- **Your instructions**: Restate every line of the material below word for word, skipping the images.

- **Data section**:
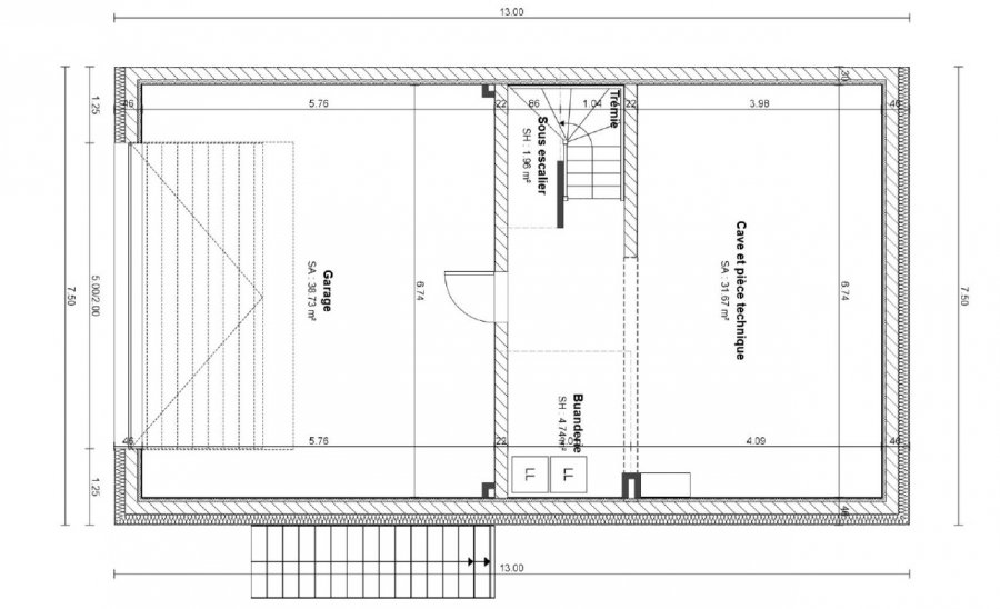 - Au sous-sol : un garage 2 voitures (+/-39.02m2), et une buanderie (+/-4.54m2), et une cave et pièce technique (+/-31.12m2)
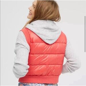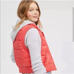 Aerie OFFLINE Large Calypso Red Puffer Vest Button Snap Closure Pockets NWOT
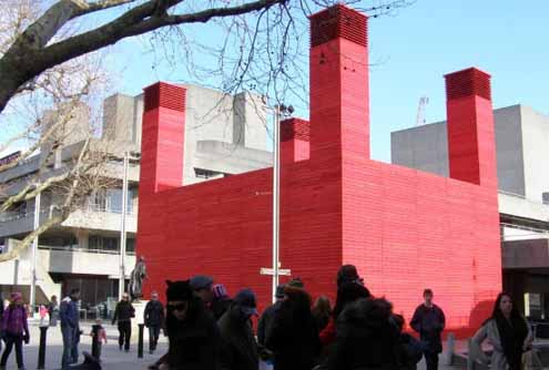 London központjában a Temze déli partján, a többnyire csak Southbank-nak nevezett területen az 1951-es Festival of Britain rendezvénysorozatra elkészült Royal Festival Hall és Queen Elizabeth Hall & Purcell Room, a Waterloo-híd alá szorult British Film Institut, valamint a National Theatre épületeinek egymás vonzerejét erősítő együttese a brit főváros legfontosabb kulturális központját alkotják. Az 1977-ben elkészült színház előtti kis teresedésen most egy pirosra festett deszkadoboz hívja fel magára a figyelmet égnek meredező saroktornyaival. A kései brutalista szomszéd deszkazsaluzatos nyers beton homlokzati megjelenését visszatükröző építmény a nemzeti ideiglenes előadótermét rejti magában. Figyelemfelkeltő megjelenésén kívül további érdekesség, hogy természetes szellőzéssel oldották meg a légcserét, amiben a négyzetes hasáb sarkain elhelyezett szellőzőkürtők segítenek. Ennek eredménye a felfordított hokedli, mint egykor nagyszüleinknél felmosáskor a konyhában az asztal tetején.

- **Answer area**:
 - Au sous-sol : un garage 2 voitures (+/-39.02m2), et une buanderie (+/-4.54m2), et une cave et pièce technique (+/-31.12m2)
 Aerie OFFLINE Large Calypso Red Puffer Vest Button Snap Closure Pockets NWOT
 London központjában a Temze déli partján, a többnyire csak Southbank-nak nevezett területen az 1951-es Festival of Britain rendezvénysorozatra elkészült Royal Festival Hall és Queen Elizabeth Hall & Purcell Room, a Waterloo-híd alá szorult British Film Institut, valamint a National Theatre épületeinek egymás vonzerejét erősítő együttese a brit főváros legfontosabb kulturális központját alkotják. Az 1977-ben elkészült színház előtti kis teresedésen most egy pirosra festett deszkadoboz hívja fel magára a figyelmet égnek meredező saroktornyaival. A kései brutalista szomszéd deszkazsaluzatos nyers beton homlokzati megjelenését visszatükröző építmény a nemzeti ideiglenes előadótermét rejti magában. Figyelemfelkeltő megjelenésén kívül további érdekesség, hogy természetes szellőzéssel oldották meg a légcserét, amiben a négyzetes hasáb sarkain elhelyezett szellőzőkürtők segítenek. Ennek eredménye a felfordított hokedli, mint egykor nagyszüleinknél felmosáskor a konyhában az asztal tetején.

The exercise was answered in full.